### [WORK TASK]
From the entries below, print exactly the span beginning with the line holding "Ο Πανιώνιος Betsson" and ending with the line holding "Was sehen meine", endpoints included, and skip any pictures.

Top of TASK DATA

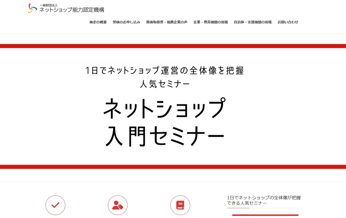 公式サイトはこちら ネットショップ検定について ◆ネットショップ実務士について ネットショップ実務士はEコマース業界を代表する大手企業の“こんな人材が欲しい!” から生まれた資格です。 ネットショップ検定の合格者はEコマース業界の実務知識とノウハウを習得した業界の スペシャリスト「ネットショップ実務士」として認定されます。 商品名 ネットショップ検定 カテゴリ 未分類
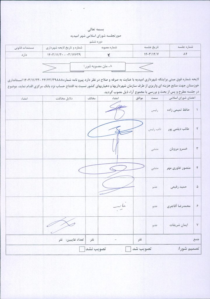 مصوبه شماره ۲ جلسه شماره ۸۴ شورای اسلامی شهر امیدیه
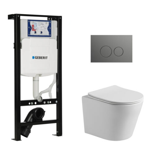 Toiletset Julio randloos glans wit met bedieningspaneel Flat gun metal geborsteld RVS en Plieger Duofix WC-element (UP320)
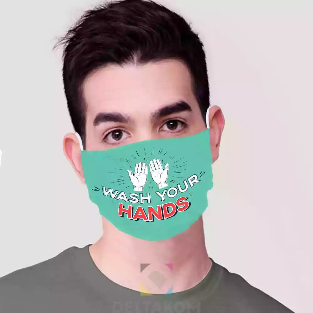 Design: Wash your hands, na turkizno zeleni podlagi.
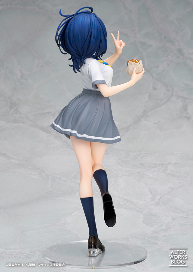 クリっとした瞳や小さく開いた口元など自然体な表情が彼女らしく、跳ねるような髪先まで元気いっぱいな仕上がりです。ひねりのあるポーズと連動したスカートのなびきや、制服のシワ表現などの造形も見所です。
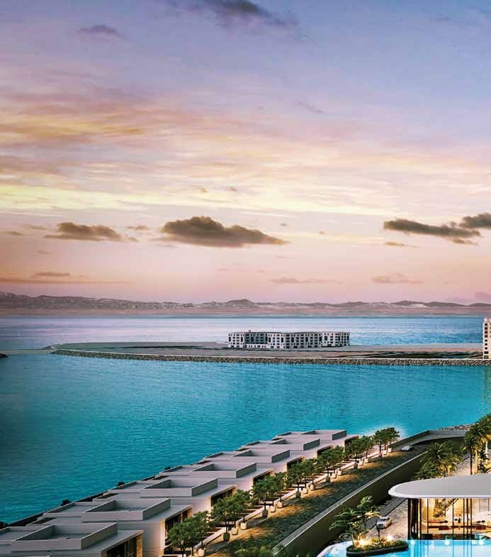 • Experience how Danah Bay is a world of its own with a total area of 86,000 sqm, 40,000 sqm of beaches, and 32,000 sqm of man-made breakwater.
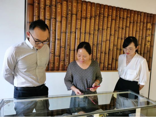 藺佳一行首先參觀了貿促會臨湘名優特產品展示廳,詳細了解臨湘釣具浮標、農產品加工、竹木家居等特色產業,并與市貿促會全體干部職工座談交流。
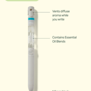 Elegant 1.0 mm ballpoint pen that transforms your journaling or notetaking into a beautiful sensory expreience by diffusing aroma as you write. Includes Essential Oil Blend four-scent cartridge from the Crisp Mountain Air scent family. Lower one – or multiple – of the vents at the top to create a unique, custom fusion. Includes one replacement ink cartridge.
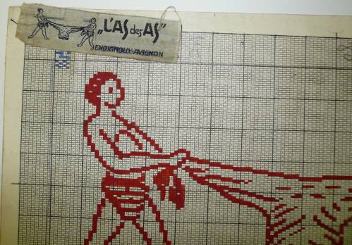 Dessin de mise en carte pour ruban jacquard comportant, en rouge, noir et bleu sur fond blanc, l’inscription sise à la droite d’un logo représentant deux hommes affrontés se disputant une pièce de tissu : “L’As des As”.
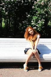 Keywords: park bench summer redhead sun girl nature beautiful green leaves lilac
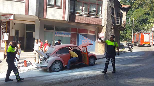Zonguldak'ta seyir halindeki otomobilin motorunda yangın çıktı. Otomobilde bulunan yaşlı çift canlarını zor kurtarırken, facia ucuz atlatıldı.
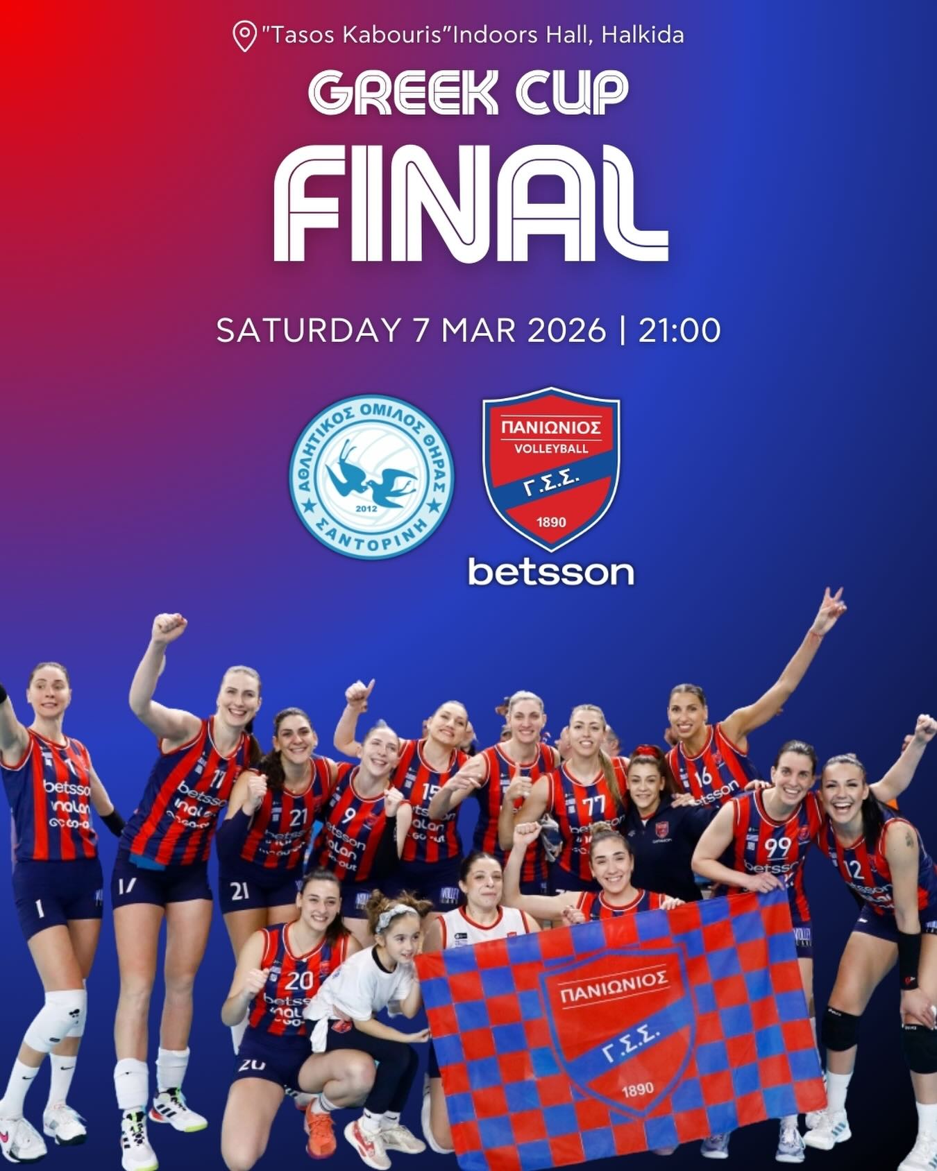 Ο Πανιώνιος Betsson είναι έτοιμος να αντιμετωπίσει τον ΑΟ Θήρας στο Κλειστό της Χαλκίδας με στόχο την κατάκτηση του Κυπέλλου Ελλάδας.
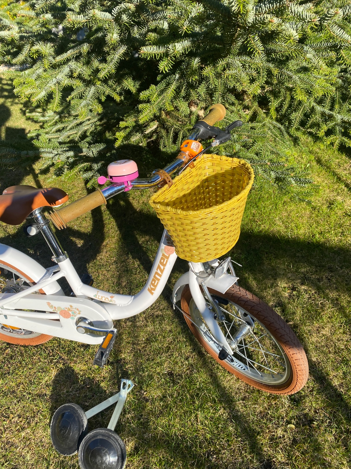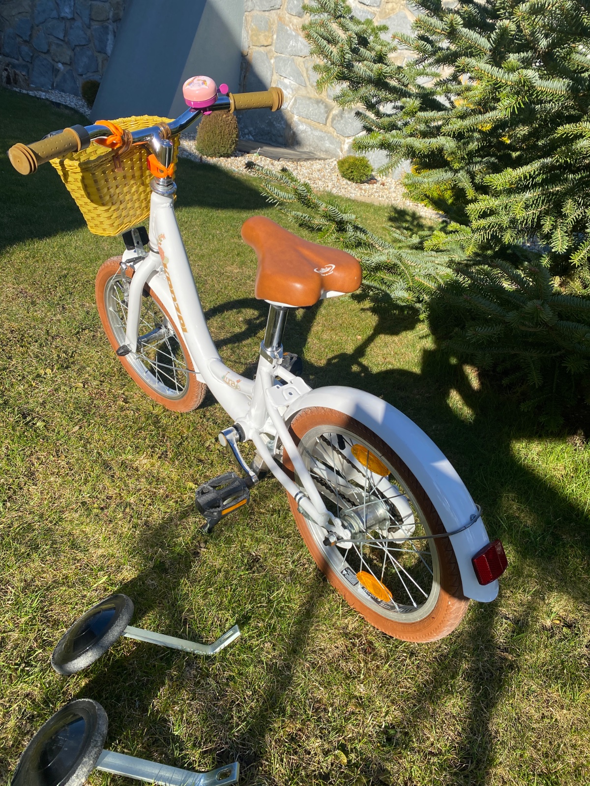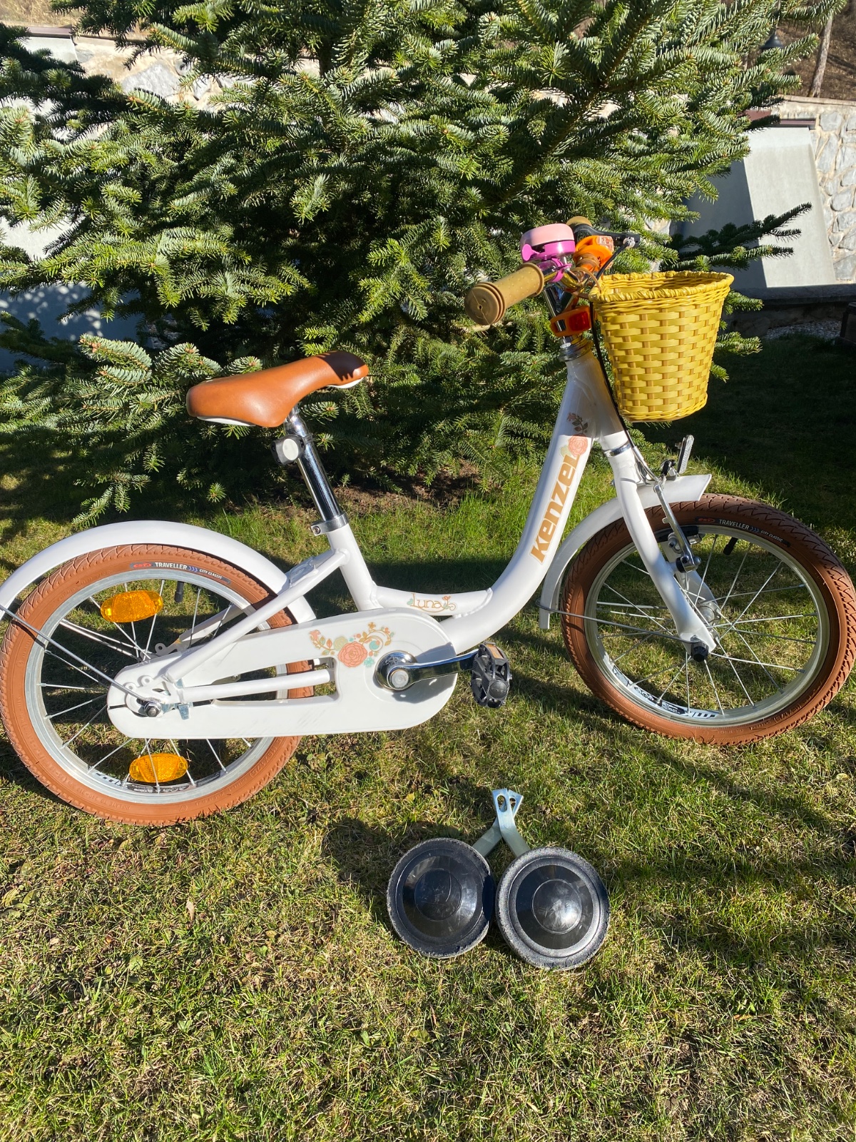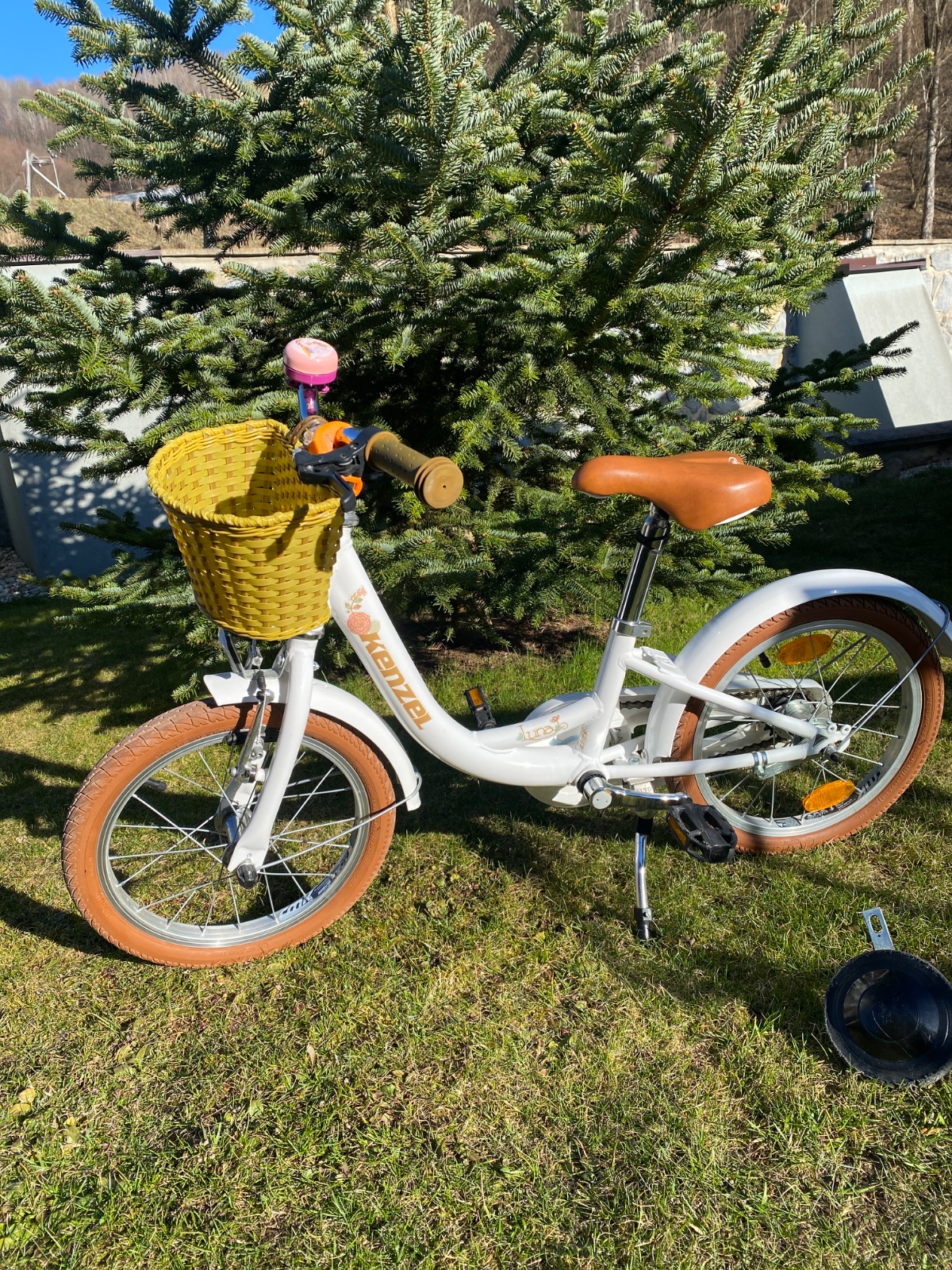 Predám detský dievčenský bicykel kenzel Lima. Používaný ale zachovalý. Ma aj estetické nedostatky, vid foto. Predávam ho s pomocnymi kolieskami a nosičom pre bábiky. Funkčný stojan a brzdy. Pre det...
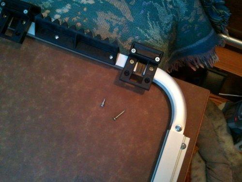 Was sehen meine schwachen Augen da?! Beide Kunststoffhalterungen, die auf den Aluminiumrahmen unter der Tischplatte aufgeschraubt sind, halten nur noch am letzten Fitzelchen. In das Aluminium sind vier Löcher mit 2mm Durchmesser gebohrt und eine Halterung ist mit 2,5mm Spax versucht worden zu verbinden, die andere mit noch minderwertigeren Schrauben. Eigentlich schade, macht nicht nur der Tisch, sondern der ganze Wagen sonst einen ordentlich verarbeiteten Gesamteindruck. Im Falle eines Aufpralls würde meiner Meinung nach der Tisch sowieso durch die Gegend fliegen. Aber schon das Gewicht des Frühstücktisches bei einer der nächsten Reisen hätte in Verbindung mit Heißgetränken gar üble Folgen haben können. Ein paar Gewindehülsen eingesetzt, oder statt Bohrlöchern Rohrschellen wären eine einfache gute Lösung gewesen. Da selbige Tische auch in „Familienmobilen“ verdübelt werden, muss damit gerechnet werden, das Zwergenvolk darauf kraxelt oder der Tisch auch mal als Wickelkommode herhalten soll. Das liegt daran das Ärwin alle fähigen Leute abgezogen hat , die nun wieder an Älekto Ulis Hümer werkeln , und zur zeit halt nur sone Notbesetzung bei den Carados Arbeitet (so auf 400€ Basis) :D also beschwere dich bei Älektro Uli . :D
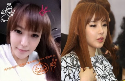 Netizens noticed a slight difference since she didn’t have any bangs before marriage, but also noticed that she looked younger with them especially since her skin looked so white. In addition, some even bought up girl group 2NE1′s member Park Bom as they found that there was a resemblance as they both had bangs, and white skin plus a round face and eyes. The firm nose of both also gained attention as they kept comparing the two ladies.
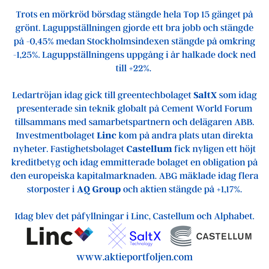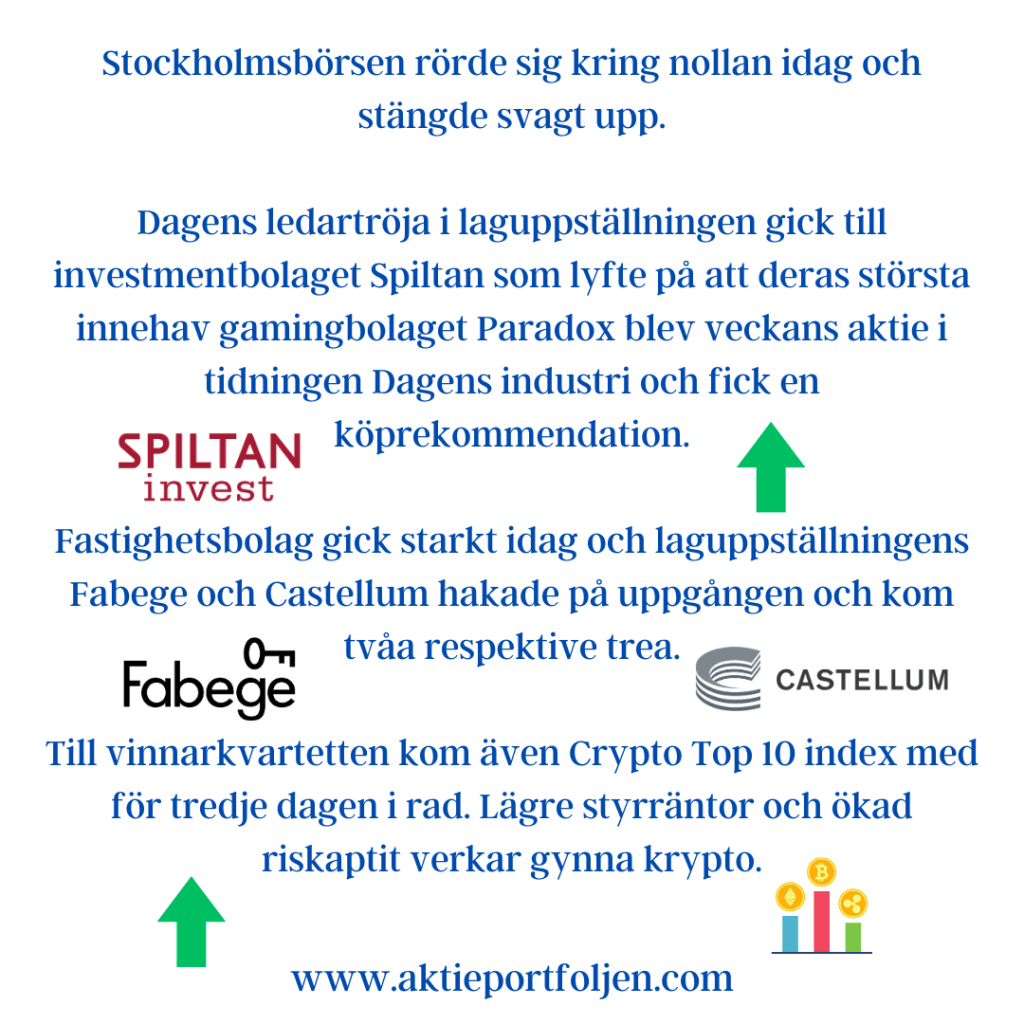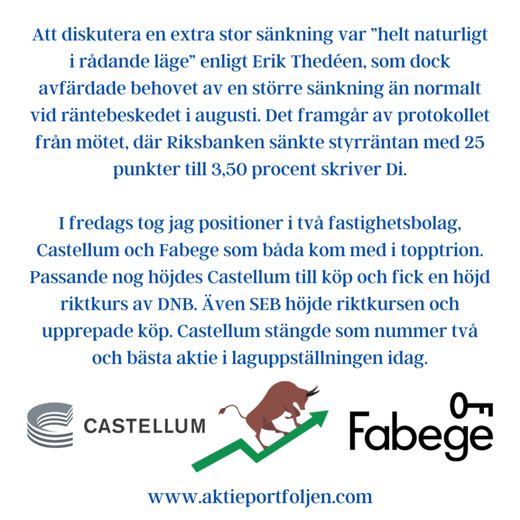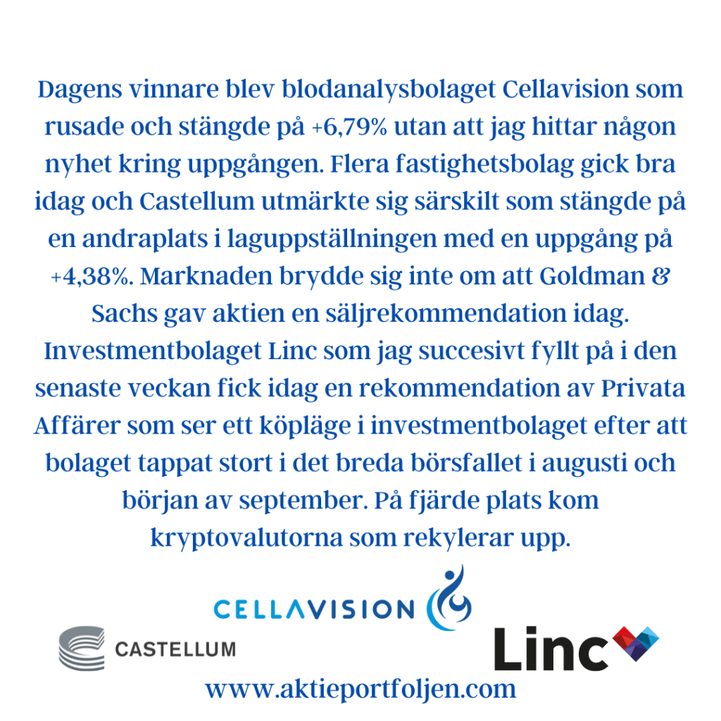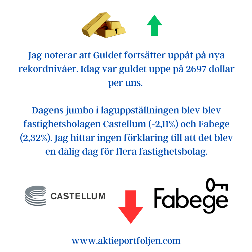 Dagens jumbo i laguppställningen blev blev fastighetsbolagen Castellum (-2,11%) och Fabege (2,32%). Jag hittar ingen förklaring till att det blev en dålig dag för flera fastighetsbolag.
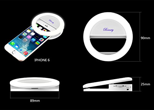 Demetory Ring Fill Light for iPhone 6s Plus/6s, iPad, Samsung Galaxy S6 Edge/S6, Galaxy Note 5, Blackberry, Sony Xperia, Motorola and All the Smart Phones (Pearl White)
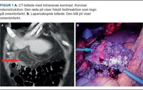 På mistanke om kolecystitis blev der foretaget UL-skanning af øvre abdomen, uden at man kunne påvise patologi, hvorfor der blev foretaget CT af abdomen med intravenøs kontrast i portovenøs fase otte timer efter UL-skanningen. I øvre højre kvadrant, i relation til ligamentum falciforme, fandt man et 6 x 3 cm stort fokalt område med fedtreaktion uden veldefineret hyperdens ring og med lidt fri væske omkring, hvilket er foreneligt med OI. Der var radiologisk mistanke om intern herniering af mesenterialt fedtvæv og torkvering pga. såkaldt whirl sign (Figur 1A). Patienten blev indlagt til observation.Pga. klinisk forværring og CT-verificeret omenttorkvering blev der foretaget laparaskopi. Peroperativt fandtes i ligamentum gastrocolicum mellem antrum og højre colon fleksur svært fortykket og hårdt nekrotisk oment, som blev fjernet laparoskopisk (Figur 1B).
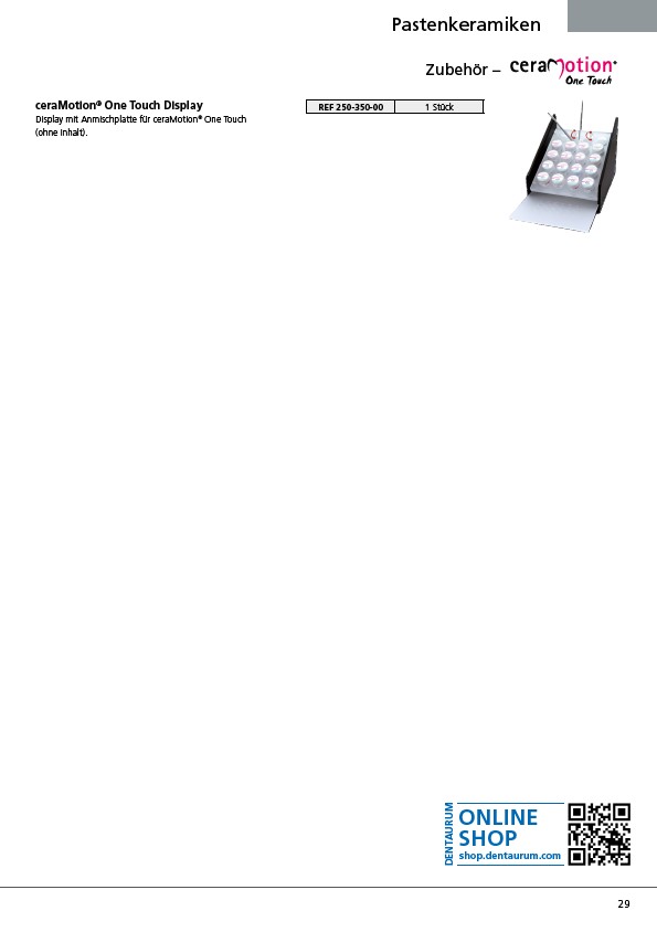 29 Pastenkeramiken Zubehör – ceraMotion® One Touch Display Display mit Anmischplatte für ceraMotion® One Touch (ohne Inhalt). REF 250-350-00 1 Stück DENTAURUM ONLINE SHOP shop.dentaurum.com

Bottom of TASK DATA

### [ANSWER FOR THE TASK]
 Ο Πανιώνιος Betsson είναι έτοιμος να αντιμετωπίσει τον ΑΟ Θήρας στο Κλειστό της Χαλκίδας με στόχο την κατάκτηση του Κυπέλλου Ελλάδας.
 Predám detský dievčenský bicykel kenzel Lima. Používaný ale zachovalý. Ma aj estetické nedostatky, vid foto. Predávam ho s pomocnymi kolieskami a nosičom pre bábiky. Funkčný stojan a brzdy. Pre det...
 Was sehen meine schwachen Augen da?! Beide Kunststoffhalterungen, die auf den Aluminiumrahmen unter der Tischplatte aufgeschraubt sind, halten nur noch am letzten Fitzelchen. In das Aluminium sind vier Löcher mit 2mm Durchmesser gebohrt und eine Halterung ist mit 2,5mm Spax versucht worden zu verbinden, die andere mit noch minderwertigeren Schrauben. Eigentlich schade, macht nicht nur der Tisch, sondern der ganze Wagen sonst einen ordentlich verarbeiteten Gesamteindruck. Im Falle eines Aufpralls würde meiner Meinung nach der Tisch sowieso durch die Gegend fliegen. Aber schon das Gewicht des Frühstücktisches bei einer der nächsten Reisen hätte in Verbindung mit Heißgetränken gar üble Folgen haben können. Ein paar Gewindehülsen eingesetzt, oder statt Bohrlöchern Rohrschellen wären eine einfache gute Lösung gewesen. Da selbige Tische auch in „Familienmobilen“ verdübelt werden, muss damit gerechnet werden, das Zwergenvolk darauf kraxelt oder der Tisch auch mal als Wickelkommode herhalten soll. Das liegt daran das Ärwin alle fähigen Leute abgezogen hat , die nun wieder an Älekto Ulis Hümer werkeln , und zur zeit halt nur sone Notbesetzung bei den Carados Arbeitet (so auf 400€ Basis) :D also beschwere dich bei Älektro Uli . :D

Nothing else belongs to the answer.